* **Data provided**:
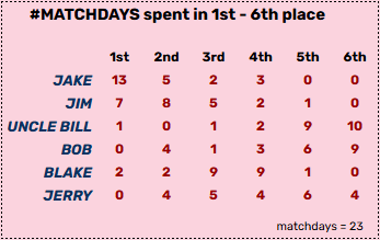 •The graph shows how our season progressed. Check out Matchday 35, it looks like something dramatic must have happened. What was it? No one remembers. If you remember, feel free to tell your story below in the Comments section
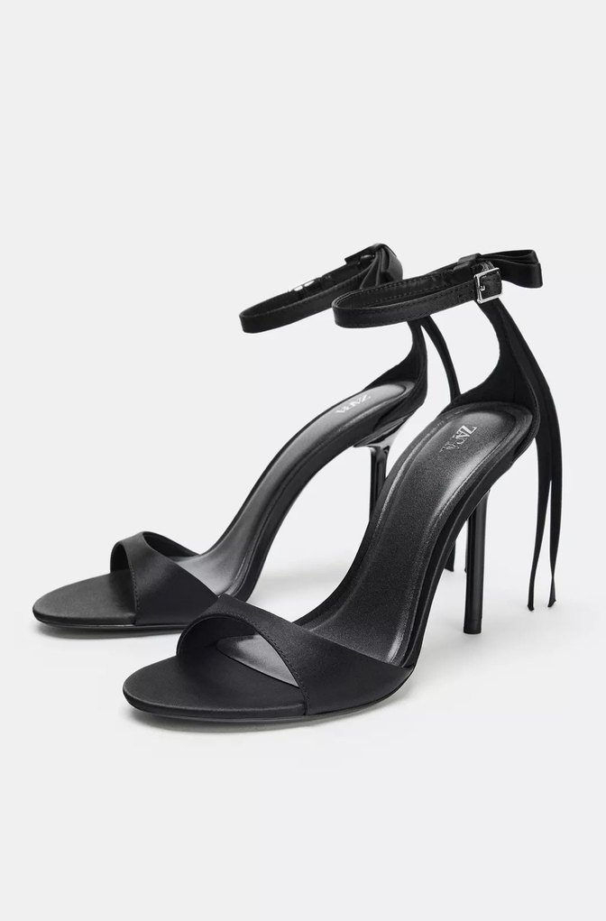 Siyah tokalı ince topuklu ayakkabılar, minimalist ve çağdaş tasarıma sahip. Kauçuk malzemeden üretilmiş, romantik akşamlar için ideal.
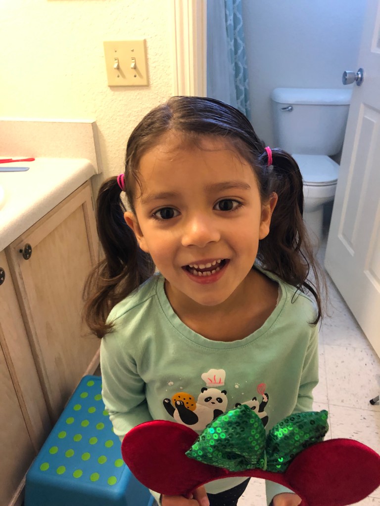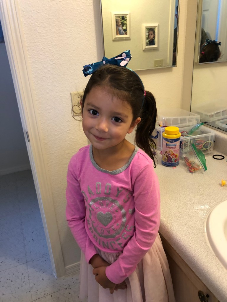 You remember when I said there were exceptions to the ponytail being perfectly center? Well, let me introduce you to the side ponytail. It is something different and Elaina loves it. It is a little harder to pull off, at least for me, because it forces you to center the hair and then slowly move it into position before beginning the ponytail steps. And while positioning it slightly off center to halfway to the ear can work, on Mismatch Days at the Child Development Center, sometimes we go almost all the way to the ear, which really adds to the craziness of her outfit.
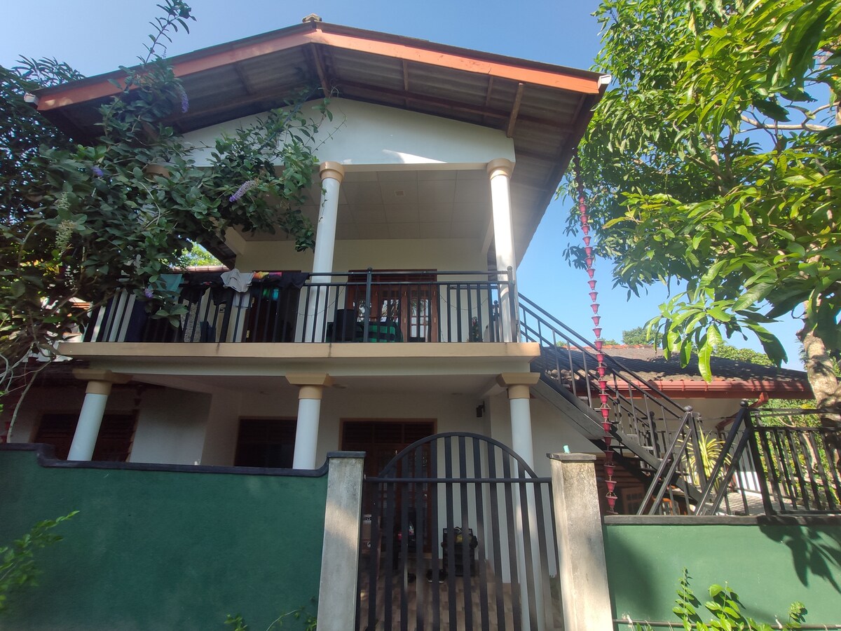 Halló, ég heiti Samanthika og fjölskylda okkar ákvað að taka á móti ferðamönnum á efri hæð rúmgóða hússins okkar sem er nálægt Kabalana-strönd. Við bjóðum þér upp á 2 herbergja íbúð með rúmgóðri verönd og stofu með viftukælingu. Íbúðin er á efri hæð hússins okkar með eigin inngangi. Það er með sérbaðherbergi með heitu vatni og vel búið eldhús. Bæði svefnherbergin eru rúm og búin loftviftu. Allt gott fólk er velkomið :) Samanthika og fjölskylda
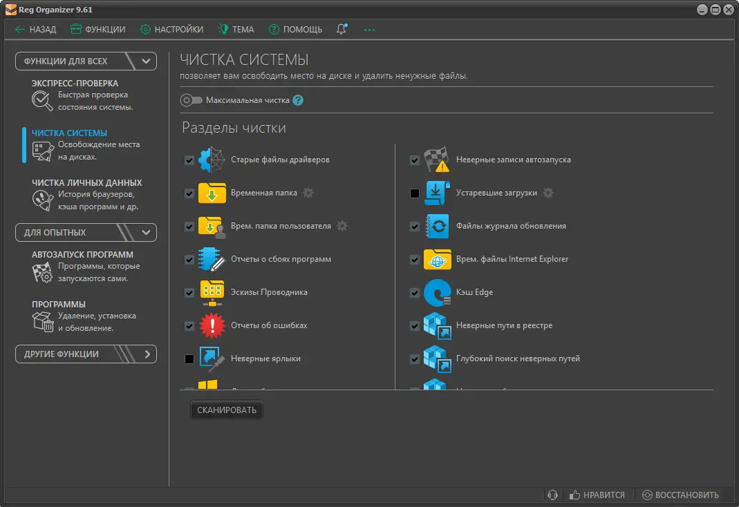 - Комплексный подход к обслуживанию системы: от чистки реестра до полного удаления программ.
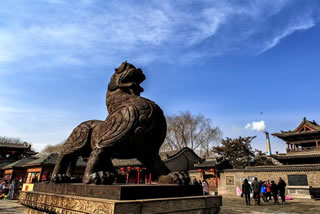 城隍廟是國務(wù)院重點(diǎn)文物保護(hù)單位,也是國內(nèi)保存最完整的城隍廟之一。占地面積6000平方米,始建于元至正二十二年(公元1362年),廟內(nèi)主殿建筑結(jié)構(gòu)精巧細(xì)致。主殿前 有玄鑒一座,高達(dá)25米,頗為壯觀,1999年世界歷史文化遺址保護(hù)基金會(huì)公布為全球最精美的古建筑之一,城隍廟是古代宗教文化中普遍崇祀的重要神之一,是護(hù)城佑民、主掌茗 籍之神。是古代“人神共治”思想的明確反映 。城隍廟前,有兩尊貔貅(pi xiu)威武地橫在門前的廣場(chǎng)上。這種據(jù)說只有嘴沒有屁眼的獸喻意“只進(jìn)不出”,是發(fā)財(cái)?shù)娜皤F。在陽光下.鑄鐵的貔貅昂首挺胸,威風(fēng)凜凜,像一對(duì)忠誠的衛(wèi)士,日夜鎮(zhèn)守在古城。

* **Assignment**:
I need the lines from the line holding "Siyah tokalı ince" through the end of the material, inclusive, restated word for word and without pictures.

* **Solution**:
 Siyah tokalı ince topuklu ayakkabılar, minimalist ve çağdaş tasarıma sahip. Kauçuk malzemeden üretilmiş, romantik akşamlar için ideal.
 You remember when I said there were exceptions to the ponytail being perfectly center? Well, let me introduce you to the side ponytail. It is something different and Elaina loves it. It is a little harder to pull off, at least for me, because it forces you to center the hair and then slowly move it into position before beginning the ponytail steps. And while positioning it slightly off center to halfway to the ear can work, on Mismatch Days at the Child Development Center, sometimes we go almost all the way to the ear, which really adds to the craziness of her outfit.
 Halló, ég heiti Samanthika og fjölskylda okkar ákvað að taka á móti ferðamönnum á efri hæð rúmgóða hússins okkar sem er nálægt Kabalana-strönd. Við bjóðum þér upp á 2 herbergja íbúð með rúmgóðri verönd og stofu með viftukælingu. Íbúðin er á efri hæð hússins okkar með eigin inngangi. Það er með sérbaðherbergi með heitu vatni og vel búið eldhús. Bæði svefnherbergin eru rúm og búin loftviftu. Allt gott fólk er velkomið :) Samanthika og fjölskylda
 - Комплексный подход к обслуживанию системы: от чистки реестра до полного удаления программ.
 城隍廟是國務(wù)院重點(diǎn)文物保護(hù)單位,也是國內(nèi)保存最完整的城隍廟之一。占地面積6000平方米,始建于元至正二十二年(公元1362年),廟內(nèi)主殿建筑結(jié)構(gòu)精巧細(xì)致。主殿前 有玄鑒一座,高達(dá)25米,頗為壯觀,1999年世界歷史文化遺址保護(hù)基金會(huì)公布為全球最精美的古建筑之一,城隍廟是古代宗教文化中普遍崇祀的重要神之一,是護(hù)城佑民、主掌茗 籍之神。是古代“人神共治”思想的明確反映 。城隍廟前,有兩尊貔貅(pi xiu)威武地橫在門前的廣場(chǎng)上。這種據(jù)說只有嘴沒有屁眼的獸喻意“只進(jìn)不出”,是發(fā)財(cái)?shù)娜皤F。在陽光下.鑄鐵的貔貅昂首挺胸,威風(fēng)凜凜,像一對(duì)忠誠的衛(wèi)士,日夜鎮(zhèn)守在古城。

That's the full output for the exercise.